Was the email contain false and defamatory information.

  1. The fundamental logic which ought to be acknowledged that the Claimant must proof the emails contained elements of defamation and there were no truth in them, in particular the email authored by the Defendant. If the Claimant fails to proof on the balance of probability then the onus can be shifted to the Defendant who relies on the defense of justification to proof the falsity of the statement.
  2. The first issue on the email is in regards to delay by South Pacific Oil Limited Airport Operation in terms of OTP. It is not clear whether the Defendant meant an audit to be done, or rather a review of South Pacific Oil operation at Henderson. The core fact of the statement lies in a question whether by mentioning an audit work disparage the reputation of the Claimant. Auditing work in any organization private or public is a normal process that organization must undertake to justify its performance for a certain period. I do not think it disparages the reputation of the Claimant nor does it demean him either. Or a word that implicated that public at large who knows the Claimant personally would think that the character of the Claimant was subjected to controversy and therefore questionable.
  3. Auditing of accounts is a normal process that occurs in organizations. To mention it in this case makes no harm, neither created threat to the Claimant’s character. It is not an invented policy to discover edited cause of delay in refilling aircrafts. Whether the audit work was carried out or not, is an activity annually occurs and not a defamatory word that will disparage the character of the Claimant.
  4. On the Second issue of being rude to a person directly associated with the service provided, in my perception was an action normally occurs in a work place. That can be easily sorted out by conveying a word sorry, shake of hands and that would resolve any animosity or ill feelings.
  5. By determining the first and second issues resulting in the emails complained of were in fact not published in a public media, but were sent to authorities within the two organizations who were bound by the contract of service, who were entitled and mandated to receive such emails.
  6. As clear as it can be, there is no element of defamation.

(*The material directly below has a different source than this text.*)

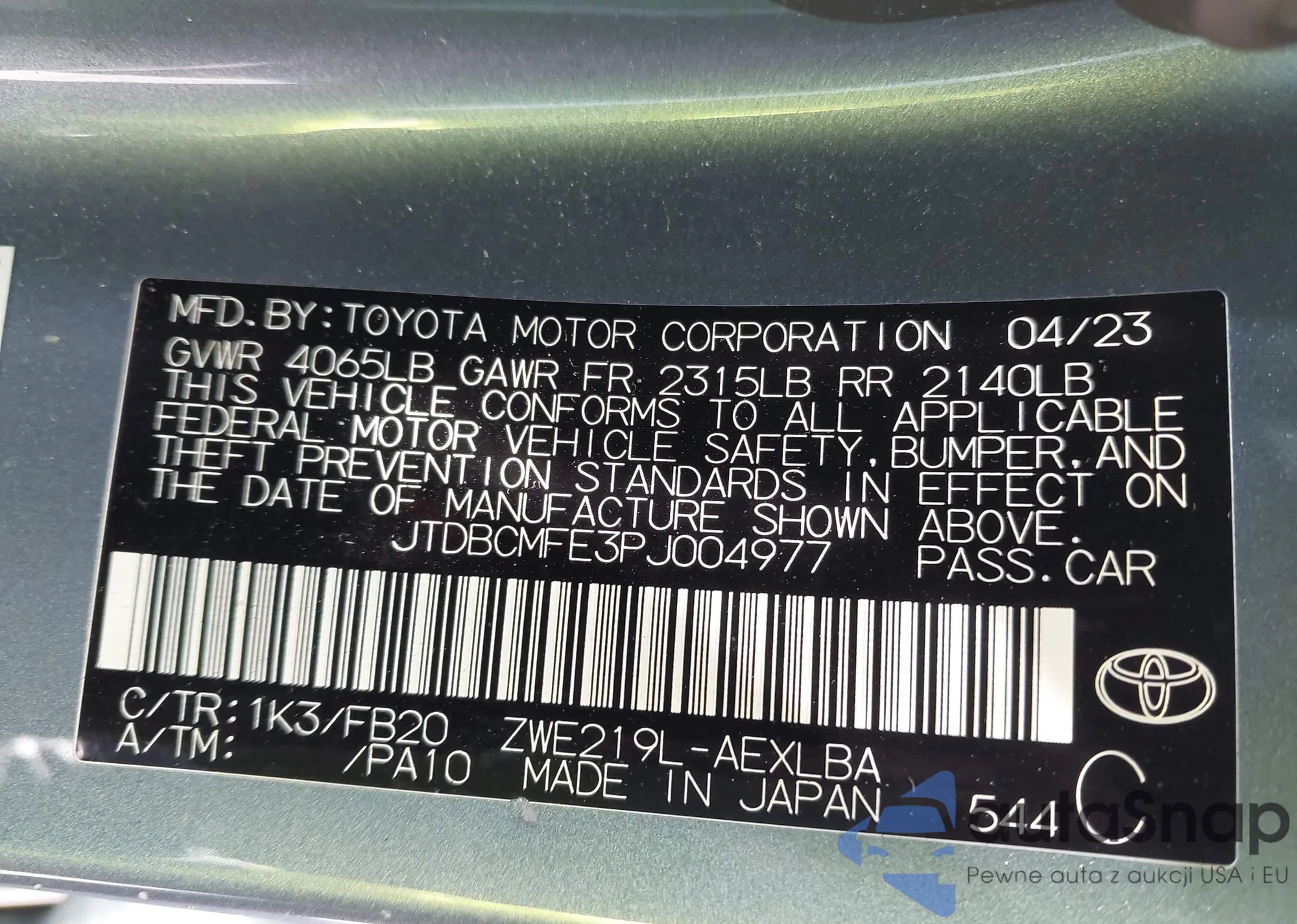 LOT: 44076053 VIN: JTDBCMFE3PJ004977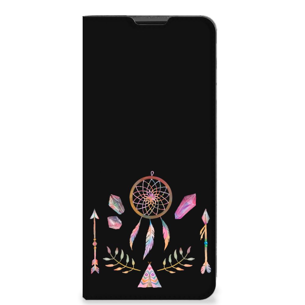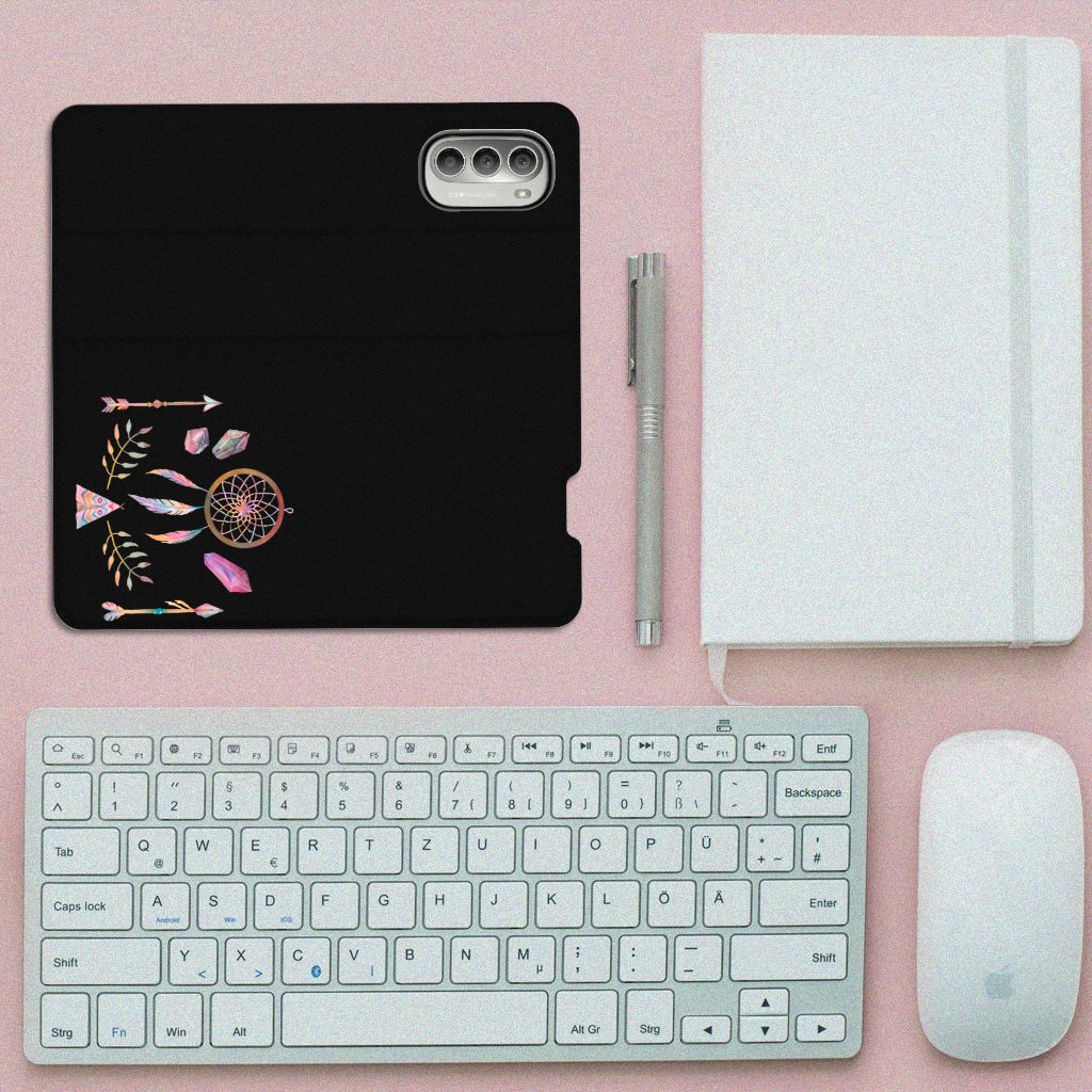 Een dromenvanger werd lang geleden al door een indianenvolk in Noord-Amerika gebruikt om nare dromen te weren. Nu nog hangen mensen over de hele wereld dromenvangers boven hun bed. Maar ook op een telefoonhoesje staat zo’n boho dreamcatcher heel mooi. Dit mooie design dat bestaat uit een tipi, pijlen en dromenvanger heeft veel verschillende prachtige kleuren. Maar omdat het ontwerp minimalistisch en klein is, is het design toch subtiel te noemen. Dit ontwerp staat op een Magnet Case voor je Motorola Moto G51 5G. Dit populaire smartphonehoesje heeft één vakje voor een pasje of briefgeld en is aan alle zijden bedrukt. Met de standcase zet je je telefoon gemakkelijk neer, zodat je je handen vrij hebt als je bijvoorbeeld een video wilt kijken. De binnenkant van de standcase is van grijs PU-leer. Dat is fijn, omdat je daardoor niet snel vlekken ziet op je hoesje.

Even if Gloria was called to give evidence to establish any act of rude behavior in office, is an issue I do not think require legal litigation under defamation. Whether it is proved or not is a minimal behavior that can be addressed at business level rather than in the High Court. I have read the sworn statement deposed by the Claimant filed on 14th September 2018.
  7. If the issue is such being bulky and which prompted the termination of the Claimant then the proper route to resume to is through the Trade Dispute Panel. Otherwise it is a minimal level matter which can be sorted out by individuals concern.
  8. The third issue complained of is lack of commitment to address Solomon Airline “On time Performance”. The Claimant has denied it as noted in his sworn Statement. However, mere denial is not a defense. The Claimant who carries the burden on the balance must proof. As I would reiterate, only when the Claimant has proved an allegation, then it is necessary to consider any evidence adduced by the defendant to justify what was alleged is true.
  9. In this case the Claimant fails to proof that he lacked commitment in addressing time performance by South Pacific Oil which employed him.
  10. The tactic adopted by the Claimant is that once he denied the allegation, he expects the Defendant to proof the truth of the matter. As a profound law existed from time memory that he who alleges must proof. The Claimant cannot assume to shift the legal onus prematurely but until he has fully established the allegation, otherwise is baseless.
  11. It is eminent there being no evidence at all to proof defamation by the use of those words attracted public or friends to question the character and the integrity of the Claimant as compared to what they previously acknowledged. Therefore the claim for defamatory damages under the particular issue is not worth it.
  12. On the issue of past differences with Solomon Airlines, however, the Claimant has accepted he was terminated after completing a documentation which resulted in Solomon Airlines obtaining Part 145 was approved.
  13. From his sworn statement the Claimant did not reveal the reason for his termination. Perhaps that background adds or brought about reflection which the email may have dwelled upon.
  14. In any event the Claimant must adduce evidence to establish that any reference to past event has downgraded his integrity which public or those who know him would assess a vast disparage of character of the Claimant. In this case nothing has leaked out into public domain. The emails alleged to have contained defamatory statements were sent to Officers of the South Pacific Oil Limited Deport who were eligible, to receive any such emails as a company that employed the Claimant.
  15. It is only relevant to dismiss any defamatory claim under this issue.
  16. On the final issue, the Claimant denies that as a result of the information conveyed to the SPOL, as an employer, he was eventually terminated. The fact is that there is no evidence accounting for the reasons for the Claimant’s termination. It would be proper if the Claimant could expound on this to reveal the truth. If he was terminated there must be reasons given. Those reasons are not available.
  17. The Claimant cannot rely on the Defendant to proof why the Claimant was terminated. It was information personally confines to the knowledge of the Claimant, and him alone will furnish an answer.
  18. After all every one must acknowledge the Claimant was finally terminated. Whether his termination was based on that information in the emails, that cannot be calculated. But should the Claimant persisted of his righteousness then legal litigation is open to him to file a Civil suit claiming judicial review of the decision taken to terminate him.
  19. It may appear the Claimant has failed to resume or utilize such rights. Therefore it could be perceived as him taking no issue with the termination and the reasons for termination.
  20. If therefore, the content of the emails, or part thereof, were part and partial of the reasons why the Claimant was terminated then an inference can be drawn that some of it, not all the information provided in those emails had contributed to the termination of the Claimant. Therefore, one legal conclusion which can be drawn is that those or some of those information’s provided in the emails were true.
  21. It is quite difficult to particularize which information is not true and which is true. However, the overall consideration which outnumbered any particularization is that the emails were not published in a public media. All that were provided were domestically conveyed within two corporate bodies which were bound by an agreement of service under heading On Time Performance (OTP).
  22. Therefore, over-rally the Claimant has failed to perform his legal duty to proof his case on the balance of probability. Hence, it need not by any legal basis for me to consider defense by justification. I must therefore, as an appropriate conclusion dismisses the claim with costs.

Orders:

  1. The Claim is hereby dismissed in its entirety.
  2. Costs incidental to this hearing be borne by the Claimant and payable to the Defendant

The Court.


[1] Plato Films v Spiedel [1961] AC 1090 at 1138 per Lord Denning.